The innovation that has reduced the number of workers is not here in Turin. On the contrary, it’s the work that has become impoverished. And the growth — especially related to the tertiary sector — is, anyway, not enough to compensate it. I’m not talking qualitatively, which is obvious, but also quantitatively.

The horizon in Turin is now designed by the saw-shaped roofs of the ancient industrial warehouses. It’s not like in Milan, where the de-industrialization happened decades ago, and in an age when the economy was still working.

Here the shuttered factories still occupy the land, and they are many. Now they are trying new destinations, and some of them are housing startups and co-working spaces. At Tool Box, the restructuring of a pavilion is fantastic, with high architecture, colors and even a kitchen with 3D printed models, and the printer. You can get access to a long table and your own computer for €100 per month. It’s a provisional work station in which you enjoy connection with others. With €250 per month, instead, you can access tables with a fixed workstation. There are many open-sky spaces and small offices. Inside, people are working to build their own startup: all of them aspiring “company men” or women. Uber’s reign, you might say.

It’s hard to understand what they are doing. We only know that the startup’s death toll is very high. On a wall, some sort of dense mural newspaper hosts friendly ads: professionals offering legal counsel, a panel on “Protecting yourselves: illness and retirement,” from noon to 1 p.m.; “Freelance care,” from 6 p.m. to 7 p.m., etc.

Near it, the aspiring entrepreneurs show their proposals, with pictures I read: “M.P.: I listen, I inform others and inform myself, I smile, accept and salute and create imperfect objects”; “G.B.: I reassure, comply with and greet warmly”; “T.M.: I deal in politics and communication strategy, but I swear I’m a good guy.”

I appreciate the self-irony, but an old movie by Nanni Moretti, Ecce Bombo, comes to my mind. (Do you remember it?
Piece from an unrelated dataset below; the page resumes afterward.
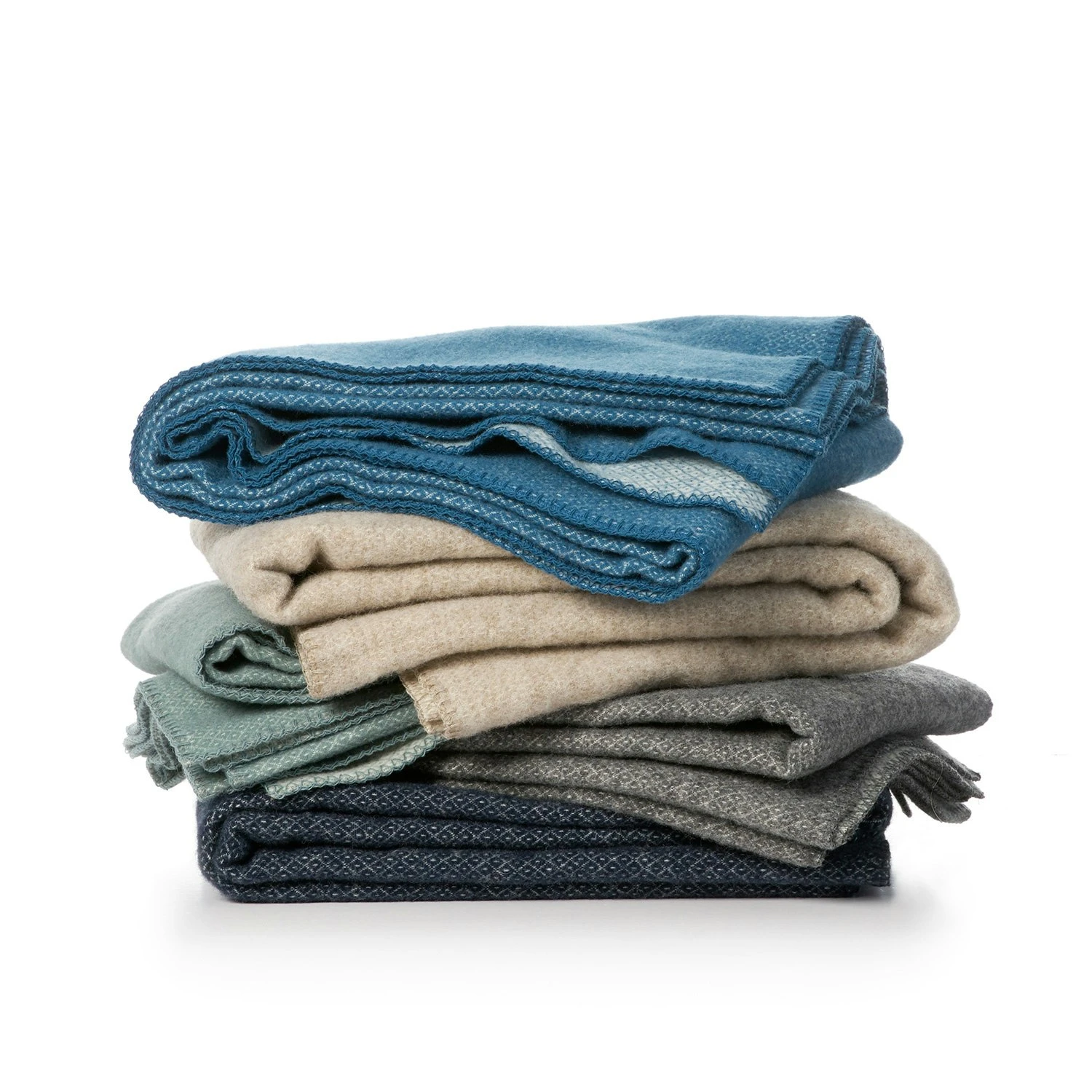 These beautiful wool throws are made of in 60% merino & 40% lamb wool. Machine wash at 30 Celsius. Use only a program made for wool. Wash separately & iron on low temp. Do not tumble or use bleach.

The one in which she, having to explain how she makes her living, answers, “I do things, see people.”)

Fassino’s great mistake

Right: How can he offer himself as mayor without offering a project that would be proper for a city like Turin? Fassino’s great mistake is having let himself be charmed by Marchionne, of having believed the magnificent and progressive destinies of capitalism, of not having prepared an autonomous transformation of the city.

The long thinking, the alternative awareness serves also in the administrative elections. And, naturally, you also need to avoid subjecting yourself to the drifting of the national politics.

I have in my pocket — I took it from home among my old books and I carried it with me on this trip to Turin — a small book printed in 1969 by Feltrinelli; it’s called Fiat Is Our University: Inquiry among the Young Workers. It was lead by “factory groups” from a few high schools and universities in Turin, about 100 pages filled up with news.

On page 82, a third-class worker says, “I think that, in 1969, the worker should work much less, the more so because of the automation going only in favor of the owners and not of the workers but, for this to happen, we need to change the society.”

It might be antiquated, but today the project seems even more real. It cannot be put beside, not even by an administrative electoral campaign, even though it can’t be realized in the next five years. But if we lose the horizon, instead of being modern, we remain trapped in the middle ages.

And this — this thing, too, besides what is immediate — is what makes the difference in Turin in the town hall. And its candidate, Giorgio Airaudo, is the only one who seems worried about it. Not just because he’s the best but, also, because he gave himself the issue of representing that very large piece of society for whom being museum users is not enough.

Representation is “good politics” first of all. The “left-winger” adjective depends on those who are represented.